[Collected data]
● ● ● ● ●

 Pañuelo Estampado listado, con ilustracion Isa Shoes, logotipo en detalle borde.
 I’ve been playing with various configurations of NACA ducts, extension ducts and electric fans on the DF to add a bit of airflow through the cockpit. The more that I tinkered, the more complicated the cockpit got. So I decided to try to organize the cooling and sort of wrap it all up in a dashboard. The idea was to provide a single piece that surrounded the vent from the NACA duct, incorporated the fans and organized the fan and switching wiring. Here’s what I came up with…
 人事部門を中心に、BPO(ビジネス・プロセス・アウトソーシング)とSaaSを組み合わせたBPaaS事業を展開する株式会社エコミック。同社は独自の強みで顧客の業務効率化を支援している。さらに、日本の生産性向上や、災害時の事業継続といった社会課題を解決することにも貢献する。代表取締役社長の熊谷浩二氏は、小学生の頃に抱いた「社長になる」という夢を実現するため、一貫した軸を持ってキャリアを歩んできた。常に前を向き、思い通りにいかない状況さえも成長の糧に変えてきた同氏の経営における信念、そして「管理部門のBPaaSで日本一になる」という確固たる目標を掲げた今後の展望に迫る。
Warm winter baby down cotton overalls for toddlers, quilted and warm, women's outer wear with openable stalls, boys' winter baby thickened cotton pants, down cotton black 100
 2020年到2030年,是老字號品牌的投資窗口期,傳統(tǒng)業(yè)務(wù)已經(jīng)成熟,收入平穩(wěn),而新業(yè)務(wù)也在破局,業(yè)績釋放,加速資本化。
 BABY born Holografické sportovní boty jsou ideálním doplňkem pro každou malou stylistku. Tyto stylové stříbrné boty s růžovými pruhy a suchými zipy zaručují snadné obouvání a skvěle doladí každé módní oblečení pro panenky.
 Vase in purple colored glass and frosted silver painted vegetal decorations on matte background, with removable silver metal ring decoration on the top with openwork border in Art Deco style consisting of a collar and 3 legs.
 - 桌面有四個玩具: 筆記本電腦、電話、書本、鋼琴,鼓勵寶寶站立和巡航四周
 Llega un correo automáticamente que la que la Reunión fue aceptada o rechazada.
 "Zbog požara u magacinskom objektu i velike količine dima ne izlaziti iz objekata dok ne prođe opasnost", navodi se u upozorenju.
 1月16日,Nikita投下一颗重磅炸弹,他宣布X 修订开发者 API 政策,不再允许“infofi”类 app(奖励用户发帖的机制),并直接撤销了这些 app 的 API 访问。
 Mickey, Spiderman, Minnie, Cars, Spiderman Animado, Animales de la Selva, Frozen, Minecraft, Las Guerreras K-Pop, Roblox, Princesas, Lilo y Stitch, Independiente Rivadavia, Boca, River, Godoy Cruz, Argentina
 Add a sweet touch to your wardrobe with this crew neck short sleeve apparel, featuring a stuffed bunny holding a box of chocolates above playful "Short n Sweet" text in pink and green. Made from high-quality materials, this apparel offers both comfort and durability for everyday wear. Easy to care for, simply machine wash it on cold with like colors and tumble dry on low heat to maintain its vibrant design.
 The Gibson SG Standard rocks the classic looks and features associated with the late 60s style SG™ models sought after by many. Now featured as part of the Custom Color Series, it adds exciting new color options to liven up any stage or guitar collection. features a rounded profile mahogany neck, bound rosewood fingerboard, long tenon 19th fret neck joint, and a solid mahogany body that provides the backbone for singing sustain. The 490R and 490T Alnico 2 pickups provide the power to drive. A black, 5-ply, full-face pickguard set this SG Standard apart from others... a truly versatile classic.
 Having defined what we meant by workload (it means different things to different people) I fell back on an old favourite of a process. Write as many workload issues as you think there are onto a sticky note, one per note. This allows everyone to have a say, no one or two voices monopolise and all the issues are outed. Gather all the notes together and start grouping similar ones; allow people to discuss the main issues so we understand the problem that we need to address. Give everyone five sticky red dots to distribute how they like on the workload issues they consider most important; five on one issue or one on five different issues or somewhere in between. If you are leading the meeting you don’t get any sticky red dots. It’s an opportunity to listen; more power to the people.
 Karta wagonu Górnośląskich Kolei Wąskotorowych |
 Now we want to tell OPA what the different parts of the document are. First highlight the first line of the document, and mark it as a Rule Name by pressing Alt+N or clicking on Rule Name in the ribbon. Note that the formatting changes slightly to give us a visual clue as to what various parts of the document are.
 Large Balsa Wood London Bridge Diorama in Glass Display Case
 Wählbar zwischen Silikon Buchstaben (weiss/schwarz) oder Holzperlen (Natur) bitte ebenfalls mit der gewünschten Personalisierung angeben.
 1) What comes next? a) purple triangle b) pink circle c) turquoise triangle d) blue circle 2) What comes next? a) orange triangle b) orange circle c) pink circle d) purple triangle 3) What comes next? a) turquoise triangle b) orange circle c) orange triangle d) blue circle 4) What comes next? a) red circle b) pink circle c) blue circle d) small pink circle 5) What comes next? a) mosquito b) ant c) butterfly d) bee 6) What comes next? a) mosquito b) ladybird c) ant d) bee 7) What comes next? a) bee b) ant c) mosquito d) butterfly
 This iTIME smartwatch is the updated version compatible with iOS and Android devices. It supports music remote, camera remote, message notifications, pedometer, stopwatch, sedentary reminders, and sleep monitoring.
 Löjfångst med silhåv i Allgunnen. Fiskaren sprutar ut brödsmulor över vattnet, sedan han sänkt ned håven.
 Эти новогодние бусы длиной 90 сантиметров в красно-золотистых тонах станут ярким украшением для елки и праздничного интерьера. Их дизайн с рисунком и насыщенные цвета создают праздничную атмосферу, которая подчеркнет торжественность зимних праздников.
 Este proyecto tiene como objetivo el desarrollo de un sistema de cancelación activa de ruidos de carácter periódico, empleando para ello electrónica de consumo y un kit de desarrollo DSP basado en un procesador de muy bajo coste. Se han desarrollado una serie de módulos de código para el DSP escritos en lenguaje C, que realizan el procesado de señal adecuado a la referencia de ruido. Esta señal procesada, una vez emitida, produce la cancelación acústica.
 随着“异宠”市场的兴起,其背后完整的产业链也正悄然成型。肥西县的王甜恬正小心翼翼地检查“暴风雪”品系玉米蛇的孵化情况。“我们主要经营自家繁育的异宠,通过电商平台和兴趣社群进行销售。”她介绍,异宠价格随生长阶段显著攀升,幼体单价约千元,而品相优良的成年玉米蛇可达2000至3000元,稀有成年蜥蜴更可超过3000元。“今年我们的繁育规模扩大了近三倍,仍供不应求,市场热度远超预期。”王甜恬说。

● ● ● ● ●

_YOUR ASSIGNMENT_. Word for word, restate the lines above from the line containing "Vase in purple" through the line containing "1月16日,Nikita投下一颗重磅炸弹,他宣布X 修订开发者 API", with both included and nothing else.

_PROBLEM SOLUTION_.
 Vase in purple colored glass and frosted silver painted vegetal decorations on matte background, with removable silver metal ring decoration on the top with openwork border in Art Deco style consisting of a collar and 3 legs.
 - 桌面有四個玩具: 筆記本電腦、電話、書本、鋼琴,鼓勵寶寶站立和巡航四周
 Llega un correo automáticamente que la que la Reunión fue aceptada o rechazada.
 "Zbog požara u magacinskom objektu i velike količine dima ne izlaziti iz objekata dok ne prođe opasnost", navodi se u upozorenju.
 1月16日,Nikita投下一颗重磅炸弹,他宣布X 修订开发者 API 政策,不再允许“infofi”类 app(奖励用户发帖的机制),并直接撤销了这些 app 的 API 访问。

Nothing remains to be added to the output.